[Data supplied]

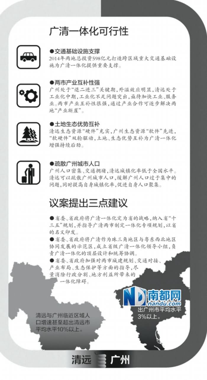 议案认为,广清两地城镇人口区域分布增长特征表明,越来越多的人愿在广州、清远两地相邻的区域居住、工作和生活。这种人口流向影响了资源的配置方向,使人口、资金、资源等生产要素在此聚集,为广清一体化提供动力。但随着两地融合不断发展深入,行政分割、地方利益等制约越来越突出,仅靠两地力量难以提升一体化水平。为此,迫切需要从省级层面帮助推进广清一体化。
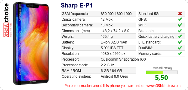 Do you have your website? Do you want to insert information about basic phone data of Sharp E-P1 somewhere? It is very easy. You can download the picture, or copy and paste the code below on the page:Pasting this code will display the following image:
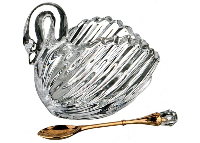 Di dalam apa anda menghidangkan sos? Jam? Tetapi seseorang mempunyai angsa cantik yang melayang di atas alas meja!
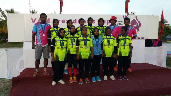 ވީއޭއެމް ޕްރެޒިޑެންޓްސް ކަޕް ނޯތުގެ ފައިނަލުގައި އިހަވަންދޫ ކްލަބު ޕޯލްސްޓާ އާއި ސޮސައިޓީ ފޯ ކުޅުދުއްފުށި ޔޫތު ބައްދަލުކުރި މެޗުގެ ތެރެއިން: އެ މެޗު ސީދާ ތިން ސެޓުން ކާމިޔާބުކޮށް، ޗެމްޕިއަންކަން ހޯދީ އިހަވަންދޫ ކްލަބު ޕޯލްސްޓާ --- ފޮޓޯ: ވީއޭއެމް
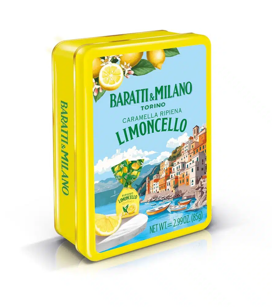 Ingredienten: Suiker, glucosestroop, invertsuikerstroop, likeur van citroenen uit Sorrento (water, alcohol, citroenschillen), suiker, cacaoboter, volle melkpoeder, alcohol, plantaardigvet, citroenzuur, natuurlijk aroma, essentiele citroenolie. Glutenvrij.
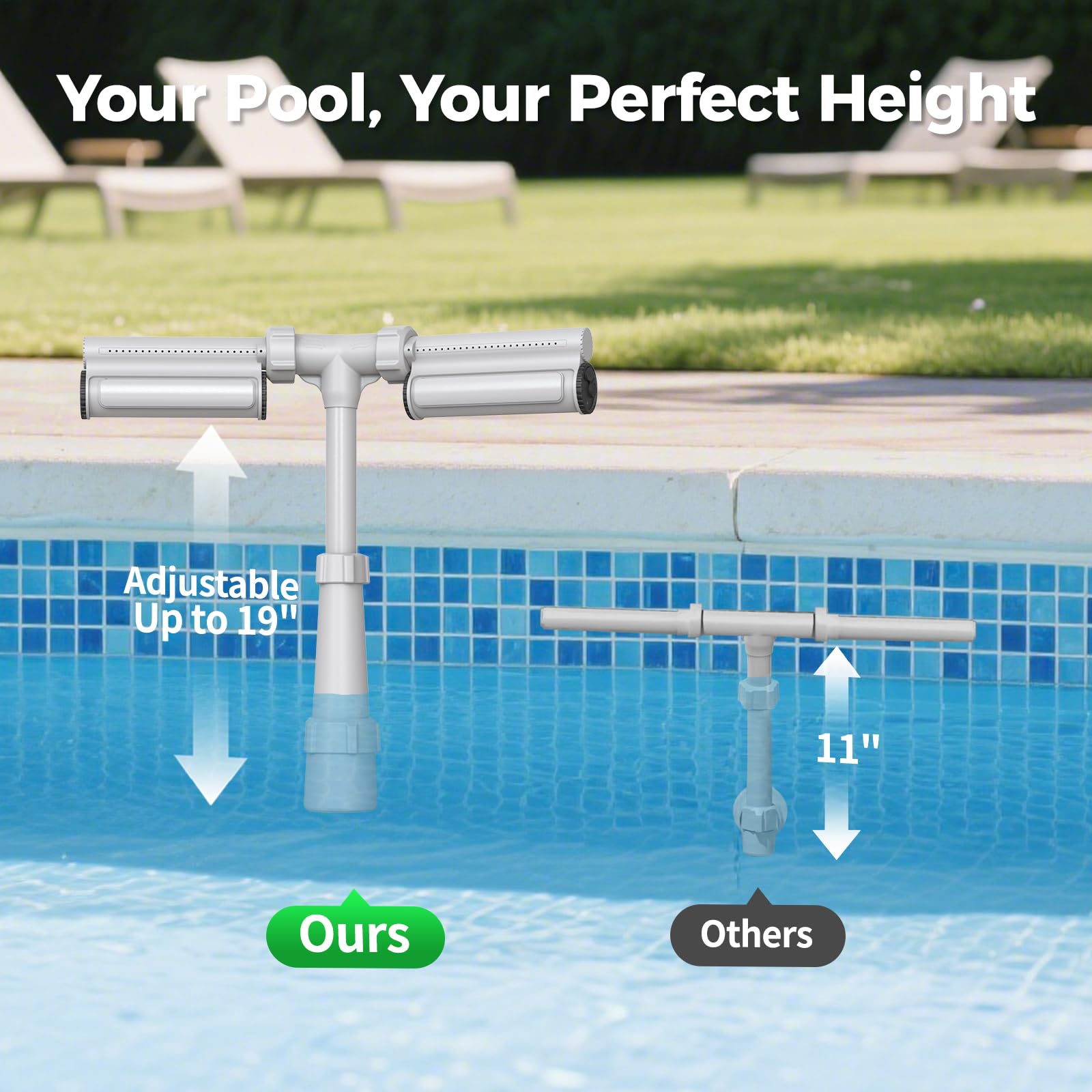👑UNIQUE DESIGN - Telescopic pipe design to adjust fountain height from 15 to 22 inch, not like others the highest at 15 inch only or need to add and extra part. The adjustable pipe design allows your to set the favorite height for your pool. Keep the fountain heads always remain above the water, rather than submerged in the water
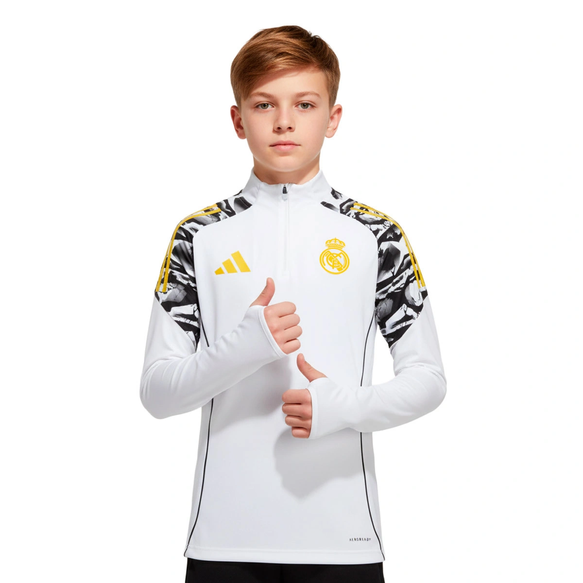 Grâce à sa structure respirante, la peau reste sèche et te permet de te concentrer sur ton jeu sans distractions. La capuche protectrice avec fermeture éclair augmente le confort et prévient l'apparition d'irritations. Son design élégant est complété par le logo iconique adidas et l'écusson du Real Madrid pour que tu te démarques avec style dans n'importe quel stade.
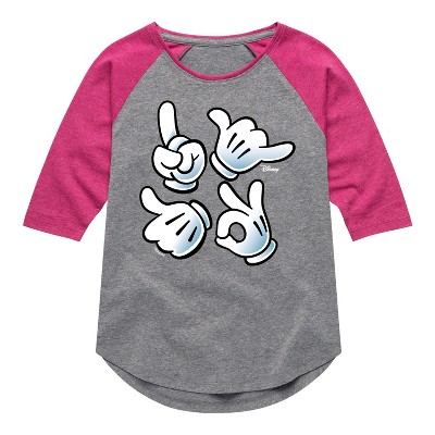 Girls' - Disney - Mickey Hand Emojis Shirt Tail Raglan Graphic T-shirt
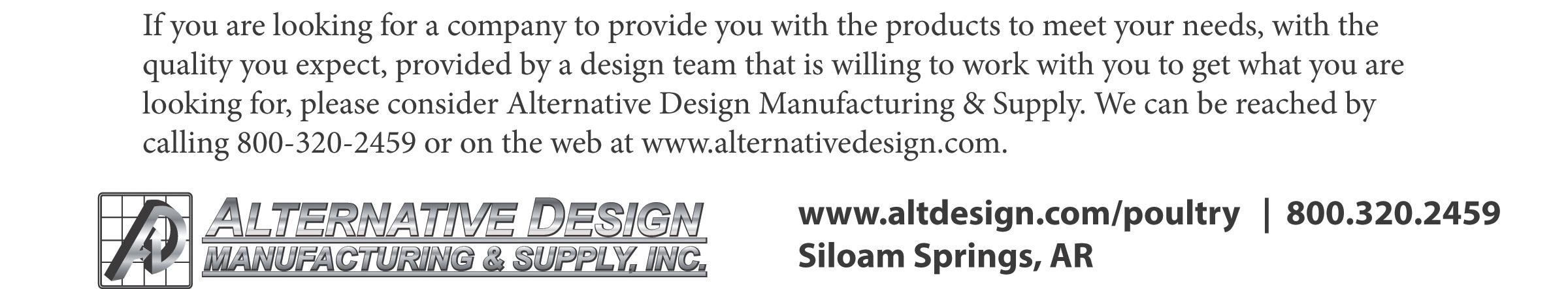 With over 35 years’ experience, Alternative Design’s sales team is always available and willing to discuss the needs our prospective and current customers have for poultry housing products. The highly skilled engineering team is continuously focused on designing products with durability and functionality in mind to help clients achieve the results they need. Our trained service and installation teams are dedicated to meeting the customer’s needs and are willing to visit with a customer about any of our products. Whether the needs are production based or researchoriented, the quality of Alternative Design’s products is evident in the longevity and durability of their products, with many products still in use some 35 or more years later.
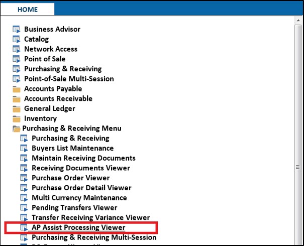 Once the required options and security have been turned on, the AP Assist Processing Viewer will be visible in the Purchasing & Receiving Menu in Eagle Browser:

[/Data supplied]

◆ What is needed:
Nothing but the lines from the one with "Do you have" to the one with "Di dalam apa" above, both included, should be transcribed, exactly and without pictures.

◆ Exercise output:
 Do you have your website? Do you want to insert information about basic phone data of Sharp E-P1 somewhere? It is very easy. You can download the picture, or copy and paste the code below on the page:Pasting this code will display the following image:
 Di dalam apa anda menghidangkan sos? Jam? Tetapi seseorang mempunyai angsa cantik yang melayang di atas alas meja!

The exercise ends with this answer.